DEFINITION EPIDEMIOLOGY DIAGNOSIS TREATMENT
- A combination of medication and individual psychotherapy is usually best.
- Psychoeducation and supportive therapy can be administered in the acute phase of severe MDD. The focus is support and education. Extremely severe depression makes any formal psychotherapy very difficult, until some improvement in concentration and hopefulness develops.
- Family involvement and supervision can be very helpful at times (to prevent a suicide attempt, non-suicidal self injury, substance use, and disordered eating behavior). Family participation can be very helpful to provide critical history, as well as to help patients remember and interpret what clinicians have told them or instructed them to do.
- Phases of depressive illness:
- Acute: inform the patient of the diagnosis; educate, support, and assure safety
- Hospitalization is needed if there are life-threatening medical problems, psychosis, or moderate-to-high risk of suicide.
- In more severe cases, medications are usually required.
- For the most severe cases, ECT has a high probability of success.
- Education for the family should emphasize that the patient’s mood symptoms are due to a treatable illness, that the patient must continue taking his/her medication and come to appointments, and that suicide is not acceptable.
- Improvement: serial mental status assessments, support, identification of stressors and relationship issues (important in all stages of illness)
- Maintain effective medical treatment.
- Carefully reduce purely symptomatic medications (e.g., benzodiazepines).
- Recovery: long-term medication management (at least 6-12 months)
- More intensive psychotherapies are more effective.
- Preventive strategies to reduce the likelihood and severity of future episodes.

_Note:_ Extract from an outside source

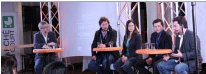
Pendant l'atelier «L'États des choses» au Festival Regard sur le court métrage au Saguenay

Ça s'est passé à Regard sur le court métrage au Saguenay

- Acute: inform the patient of the diagnosis; educate, support, and assure safety
- Remission rates are low (~30%), but ~60% of moderate and severe cases of MDD will improve significantly with antidepressant treatment.

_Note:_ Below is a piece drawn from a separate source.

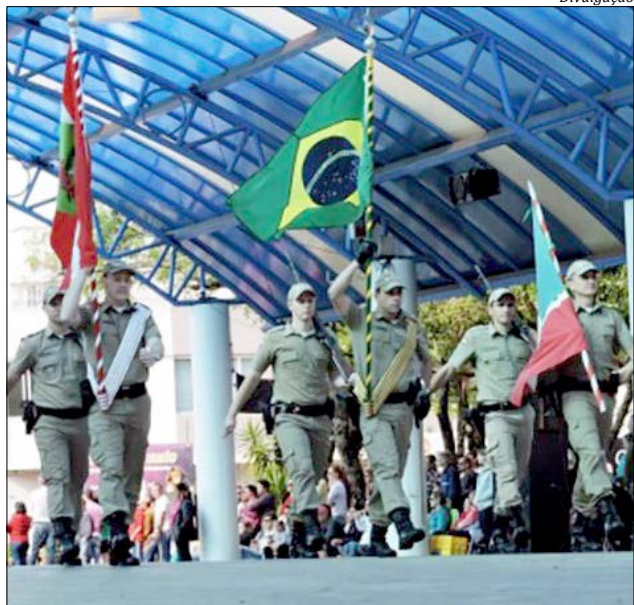
Desfile abre às 8h30 de quarta, na área coberta da praça

- Antidepressants include SSRIs, TCAs, SNRIs, MAOIs, buproprion, and mirtazapine.
- Antidepressant choice depends on history of response, family history of response, tolerability, adverse effects, and likelihood of adherence.
- Clinical trials show little difference in efficacy or tolerability among SSRIs and other classes of antidepressants.
- SSRIs are first-line choice
due to minimal side effect profile.
- In order to "fail" an anti-depressant trial, a patient must remain on a therapeutic dose of anti-depressant for 6-8 weeks.
- Failure of one SSRI, does not mean failure of all SSRIs, so patient should trial another SSRI.
- If a patient fails two SSRIs, the next choice can be an SNRI, TCA, or adjunct anti-depressant (e.g. buproprion or SNRI) or augmenting agent.
- Combination therapy with a reuptake inhibitor and an antagonist of presynaptic α2-autoreceptors may be superior to monotherapy, and may be beneficial as first-line therapy for severe depression or treatment nonresponders.[6]
- Fluoxetine may be safer in children and adolescents, and is the only SSRI consistently show to be effective in this population.
- Mood symptoms should be carefully monitored as anti-depressants can trigger manic episodes.
- Mood stabilizers can augment the effects of antidepressants and help prevent a switch to mania.
- Antipsychotics are combined with antidepressants to treat psychotic depression and treatment-resistant depression. One should be cautious about long-term use and dose should be decreased as permitted.
- Benzodiazepines can be used during the acute phase for anxiety and insomnia. Avoid in elderly due to risk of delirium.
- To improve medication compliance with an outpatient, have a follow-up visit one week after starting, ask about side effects, and re-educate about the time required for a valid therapeutic trial (8 weeks).
- Over 70% of patients who stop taking anti-depressant in 5 weeks or fewer after they become symptom-free will relapse, so careful monitoring of medication compliance is important.
- Supportive therapy is important and well-received in severe, acute phases of illness.
- CBT, interpersonal therapy, and problem-solving therapy are all helpful and delay relapse for mild and moderate depression.
- Psychotherapy alone is not first-line treatment for severe depression, or in psychotic or bipolar forms.
- Remission rates with ECT are 60-80% in severe MDD.
- ECT can be first-line treatment for severe MDD with psychosis, psychomotor retardation, or catatonic features; medication resistance; or pregnancy.
- Supplemental treatments include regular sleep, bright light therapy, physical activity, healthy eating habits, no alcohol or drugs, distracting activities, and a regular schedule.
WHEN TO REFER
- PCPs manage the majority of patients with MDD.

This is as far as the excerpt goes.